Marilynne Robinson's
Gilead (2004)

MARILYNNE ROBINSON won the 2005 Pulitzer Prize for Fiction for her long-awaited second novel Gilead (2004), an elegiac and spiritual meditation (in the form of a long letter) between John Ames, an elderly, dying preacher, and the son he will never see grow up, in the dry, dusty prairie town of Gilead, Iowa, “a dogged little outpost in the sand hills, within striking distance of Kansas”. Robinson's début novel, Housekeeping (1980), a haunting, poetic evocation of existential solitude set against the backdrop of rural Idaho in the mid-1900s, is regarded by many as a modern American classic. (Gilead is also the winner of the 2005 National Book Critics Circle Award for Fiction and has been shortlisted for the 2004 Los Angeles Times Book Prize for Fiction.) With Gilead, which has been called “a masterly study of the dying of the light,” Robinson has produced another modern American classic.

The years between her husband's death and her eldest daughter's leaving home were, in fact, years of almost perfect serenity. My grandfather had sometimes spoken of disappointment. With him gone they were cut free from the troublesome possibility of success, recognition, advancement. They had no reason to look forward, nothing to regret. Their lives spun off the tilting world like thread off a spindle, breakfast time, suppertime, lilac time, apple time. If heaven was to be this world purged of disaster and nuisance, if immortality was to be this life held in poise and arrest, and if this world purged and this life unconsuming could be thought of as world and life restored to their proper natures, it is no wonder that five serene, eventless years lulled my grandmother into forgetting what she should never have forgotten. Marilynne Robinson, in Gilead (2004)

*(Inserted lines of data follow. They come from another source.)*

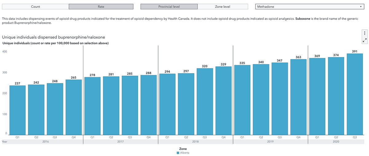 Thankfully, the provincial dashboard shows that despite this apparent huge drop in the # of patients enrolled in AHS ODP since March, the rates (pictured below) + counts of Albertans dispensed opioid dependence medications in 2020 has been quite stable quarter to quarter.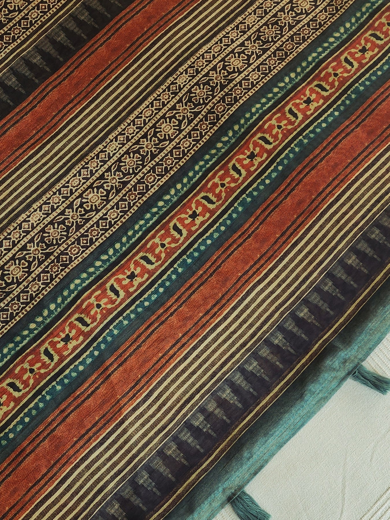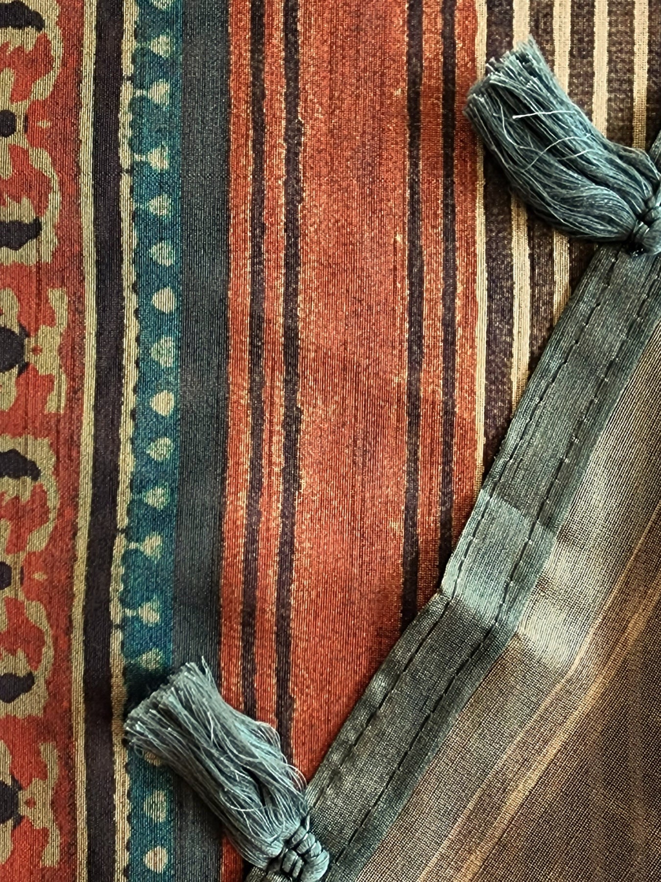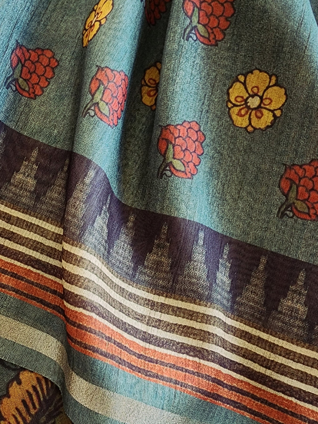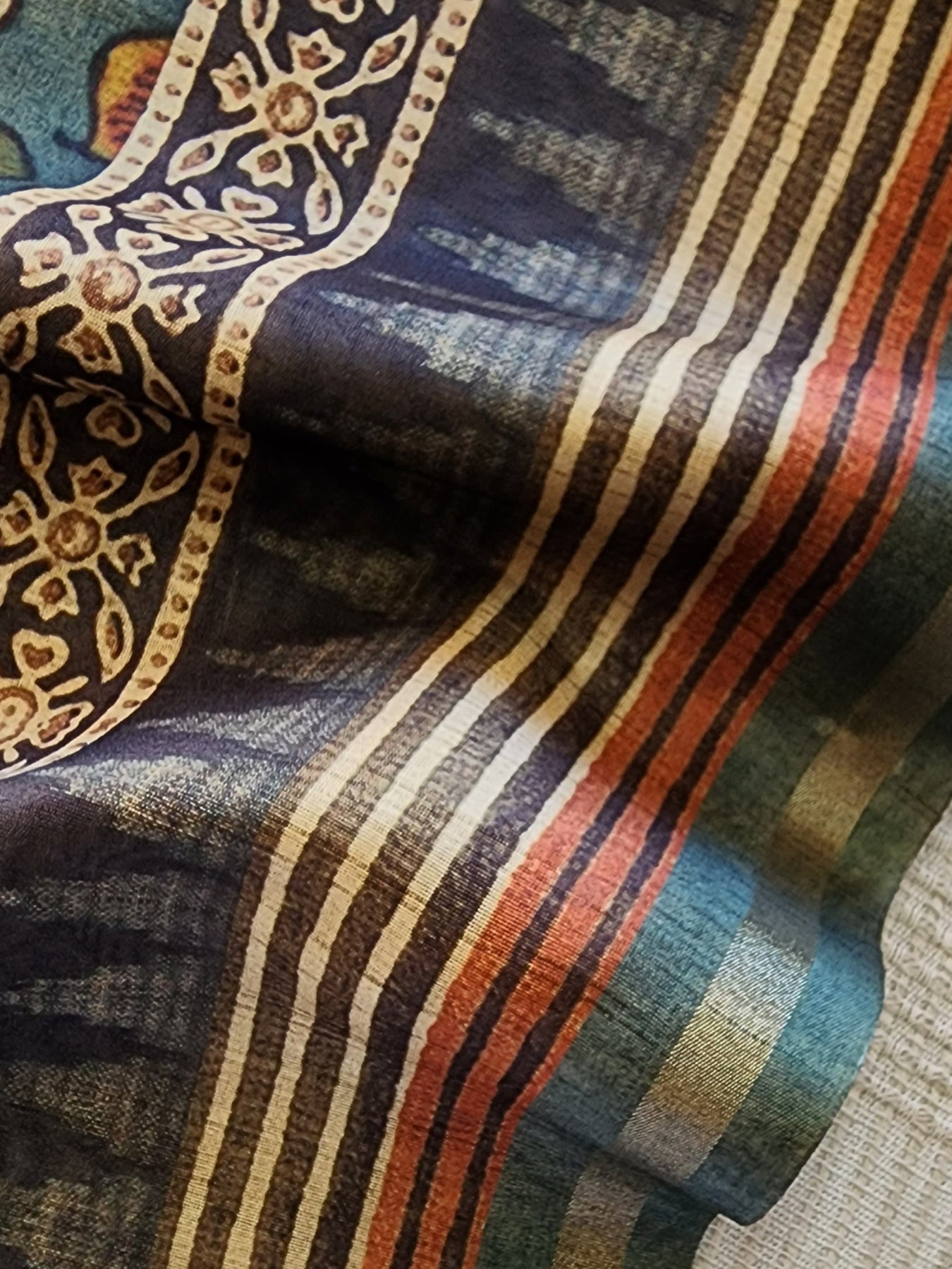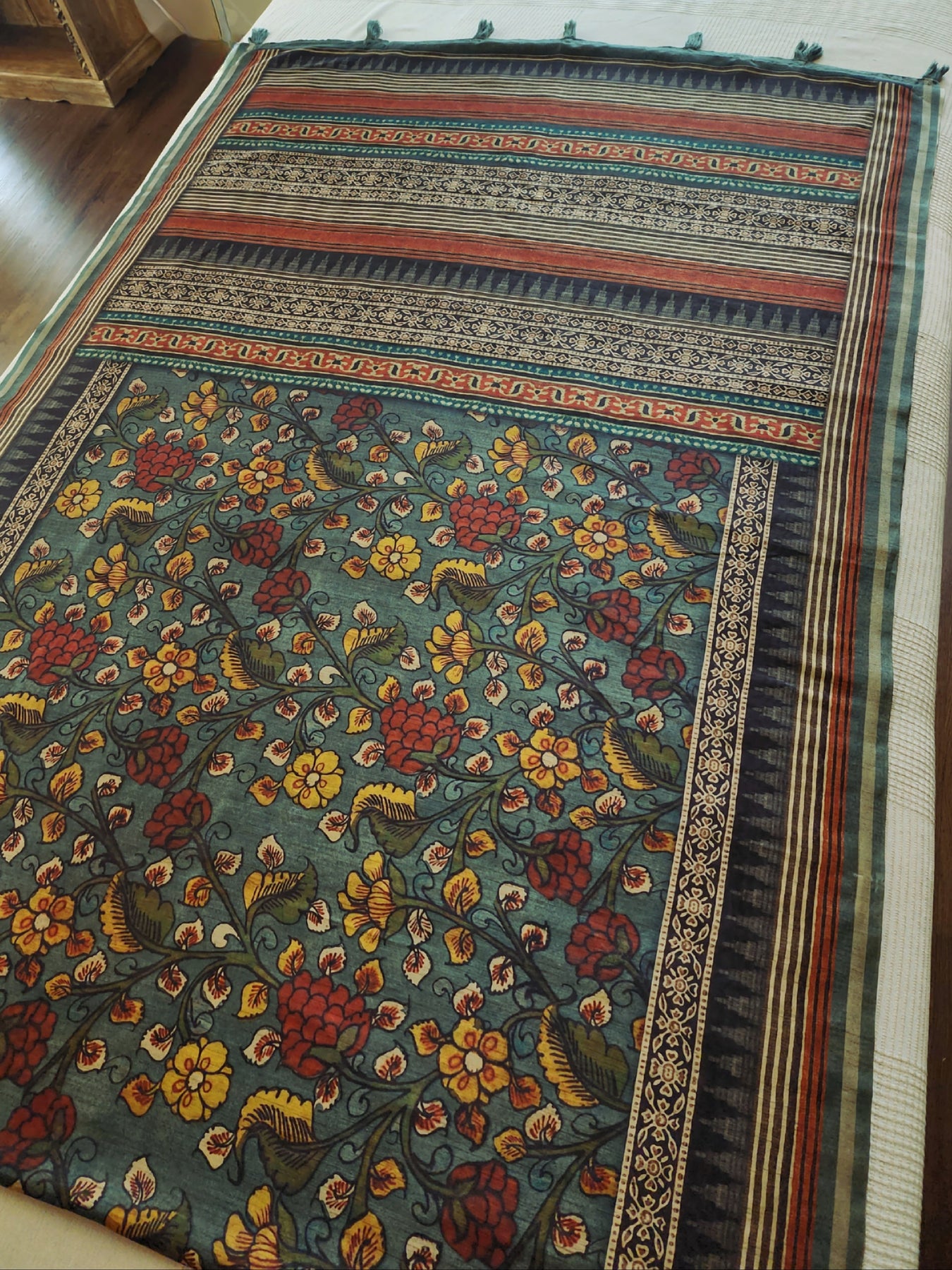 • An elegant Semi Tussar Silk Saree with contrast borders and Kalamkari Prints on the body of the saree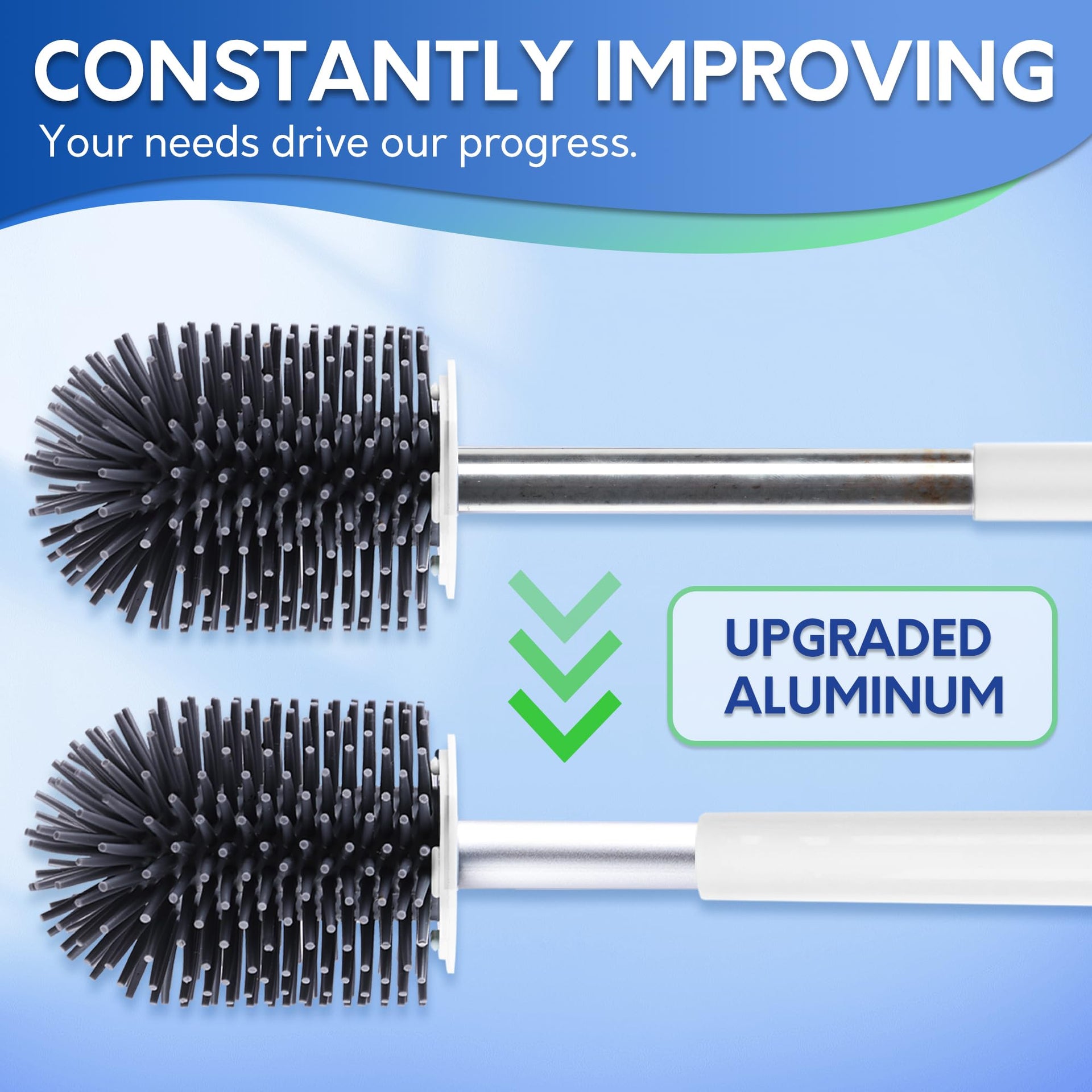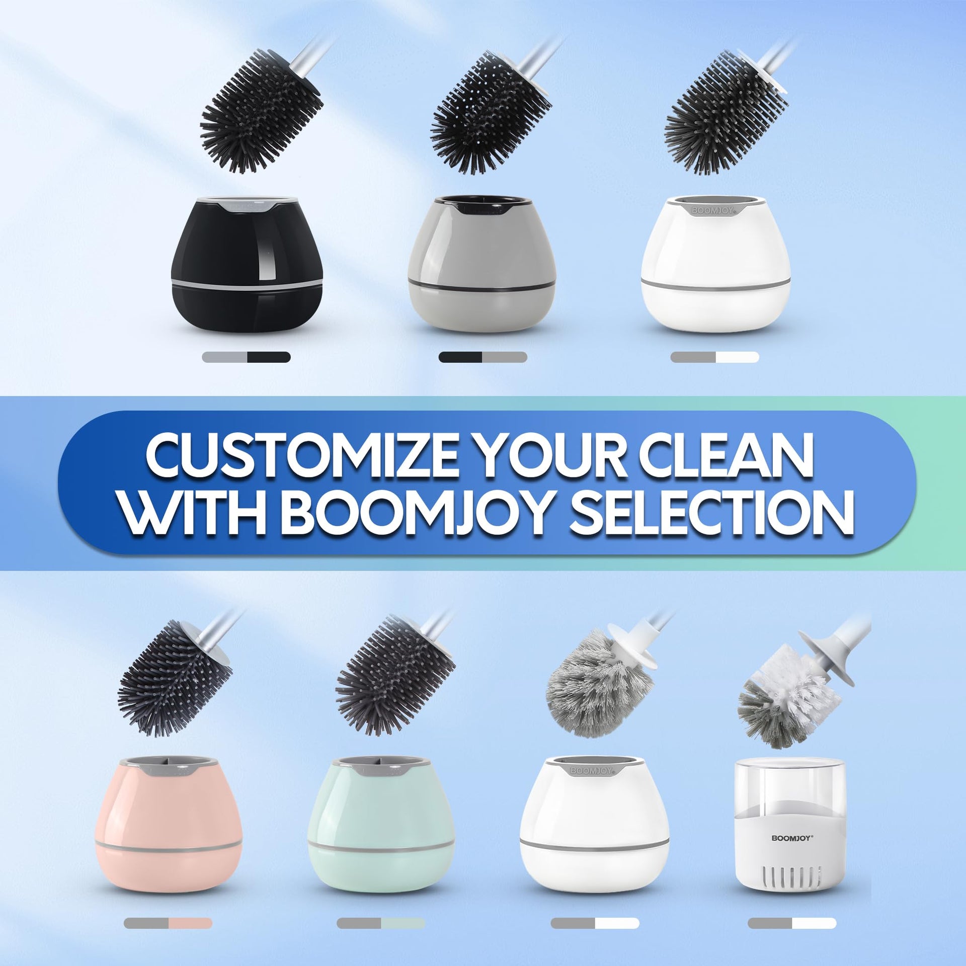BOOMJOY Silicone Toilet Brush and Holder Set, Bathroom Cleaning Kit with Tweezers & Aluminum Handle – White

ROBINSON Marilynne [1943-] Novelist, essayist. Born Marilynne Summers in Sandpoint, Idaho. NOVELS Gilead (2004: winner of the 2005 National Book Critics Circle Award for Fiction, the 2005 Pulitzer Prize for Fiction, and the 2005 Chicago Tribune Heartland Prize for Fiction; shortlisted for the 2005 PEN/Faulkner Award for Fiction); Housekeeping (1980: winner of the 1981 PEN/Hemingway Award for First Fiction; shortlisted for the 1982 Pulitzer Prize for Fiction and the 1982 PEN/Faulkner Award for Fiction) NONFICTION The Death of Adam: Essays on Modern Thought (1998: awarded the PEN/Spielvogel Award for the Art of the Essay); Mother Country: Britain, the Welfare State and Nuclear Pollution (1989: shortlisted for the 1989 National Book Award for Nonfiction)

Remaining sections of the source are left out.